Cipholio Deep Analysis: A Discussion on ZKVM Solutions and Future
Author: Yolo, Cipholio Ventures
TL; DR
ZK technology has two main use cases: privacy and scalability. When we discuss privacy, we use ZK technology to protect off-chain data from being accessed; when we discuss scalability, we use ZK to save on-chain computation space. For example, if I want to confirm that a certain account has 100 units of currency, the traditional blockchain method requires every node to verify it, while now I only need one node to find the most recent proof of a net inflow of 100 units, thus proving the account has 100 units. The difference is that the former requires extensive computation and proof, while the latter only requires off-chain proof.
The core trade-off in the development of ZKVM is whether to leverage the potential of ZK or to utilize the current developer resources. Focusing on leveraging ZK potential means hardware acceleration of CPU registers, reorganization of IR languages and assembly languages; while focusing on utilizing developer resources means addressing the issue of how to perform ZK proofs on the opcodes mapped from the bytecode after converting Solidity.
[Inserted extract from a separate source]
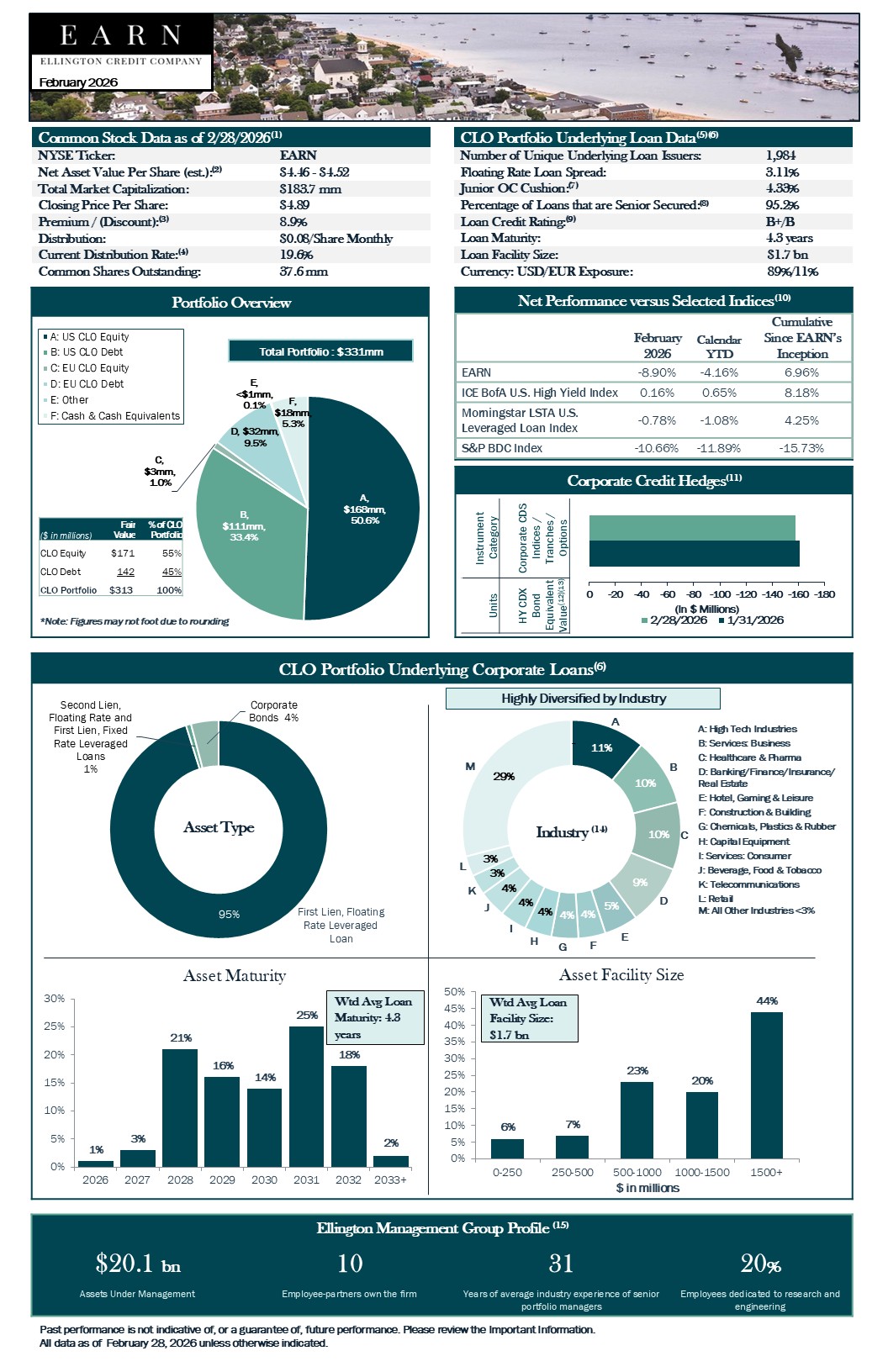 Past performance is not indicative of, or a guarantee of, future performance. Please review the Important Information. All data as of February 28, 2026 unless otherwise indicated. A , $168mm , 50.6% B , $111mm , 33.4% C , $3mm , 1.0% D , $32mm , 9.5% E , <$1mm, 0.1% F , $18mm , 5.3% A: US CLO Equity B: US CLO Debt C: EU CLO Equity D: EU CLO Debt E: Other F: Cash & Cash Equivalents Total Portfolio : $331mm Portfolio Overview CLO Portfolio Underlying Corporate Loans (6) -180 -160 -140 -120 -100 -80 -60 -40 -20 0 (In $ Millions) 2/28/2026 1/31/2026 1% 3% 21% 16% 14% 25% 18% 2% 0% 5% 10% 15% 20% 25% 30% 2026 2027 2028 2029 2030 2031 2032 2033+ 95% Second Lien, Floating Rate and First Lien, Fixed Rate Leveraged Loans 1% Corporate Bonds , 4% Asset Type 11% 10% 10% 9% 5% 4% 4% 4% 4% 4% 3% 3% 29% - Industry (14) M B C D A E G H I F J L K 6% 7% 23% 20% 44% 0% 5% 10% 15% 20% 25% 30% 35% 40% 45% 50% 0-250 250-500 500-1000 1000-1500 1500+ $ in millions Asset Facility Size Asset Maturity First Lien, Floating Rate Leveraged Loan A: High Tech Industries B: Services: Business C: Healthcare & Pharma D: Banking/Finance/Insurance/ Real Estate E: Hotel, Gaming & Leisure F: Construction & Building G: Chemicals, Plastics & Rubber H: Capital Equipment I: Services: Consumer J: Beverage, Food & Tobacco K: Telecommunications L: Retail M: All Other Industries <3% February 2026 Common Stock Data as of 2/28/2026 (1) EARN NYSE Ticker: $4.46 - $4.52 Net Asset Value Per Share (est.): (2) $183.7 mm Total Market Capitalization: $4.89 Closing Price Per Share: 8.9% Premium / (Discount): (3) $0.08/Share Monthly Distribution: 19.6% Current Distribution Rate: (4) 37.6 mm Common Shares Outstanding: CLO Portfolio Underlying Loan Data (5)(6) 1,984 Number of Unique Underlying Loan Issuers: 3.11% Floating Rate Loan Spread: 4.33% Junior OC Cushion: (7) 95.2% Percentage of Loans that are Senior Secured: (8) B+/B Loan Credit Rating: (9) 4.3 years Loan Maturity: $1.7 bn Loan Facility Size: 89%/11% Currency: USD/EUR Exposure: Net Performance versus Selected Indices (10) Cumulative Since EARN’s Inception Calendar YTD February 2026 6.96% - 4.16% - 8.90% EARN 8.18% 0.65% 0.16% ICE BofA U.S. High Yield Index 4.25% - 1.08% - 0.78% Morningstar LSTA U.S. Leveraged Loan Index - 15.73% - 11.89% - 10.66% S&P BDC Index Highly Diversified by Industry Ellington Management Group Profile (15) 20 % 31 10 $20.1 bn Employees dedicated to research and engineering Years of average industry experience of senior portfolio managers Employee - partners own the firm Assets Under Management Wtd Avg Loan Maturity: 4 .3 years Wtd Avg Loan Facility Size: $1.7 bn % of CLO Portfolio Fair Value ($ in millions) 55% $171 CLO Equity 45% 142 CLO Debt 100% $313 CLO Portfolio Corporate CDS Indices / Tranches / Options Instrument Category HY CDX Bond Equivalent Value (12)(13) Units *Note: Figures may not foot due to rounding Corporate Credit Hedges (11)

According to the modular blockchain perspective, L1 solves the consensus problem, L2 addresses computation and execution issues, and the DA layer resolves data availability and integrity issues. Due to ZK-type L2, its proof.
Designing specialized ZK apps using assembly language independently will face significant obstacles in future development due to low composability and decoupling capabilities. These solutions are incompatible with other ZK solutions' VMs, languages, and proofs, leading to considerable invocation difficulties.
Dependency on time-series transaction logs, data security, and proof integrity determines the reliability of execution. With most ZK solutions currently being closed-source, there is significant potential for development in ZK security auditing.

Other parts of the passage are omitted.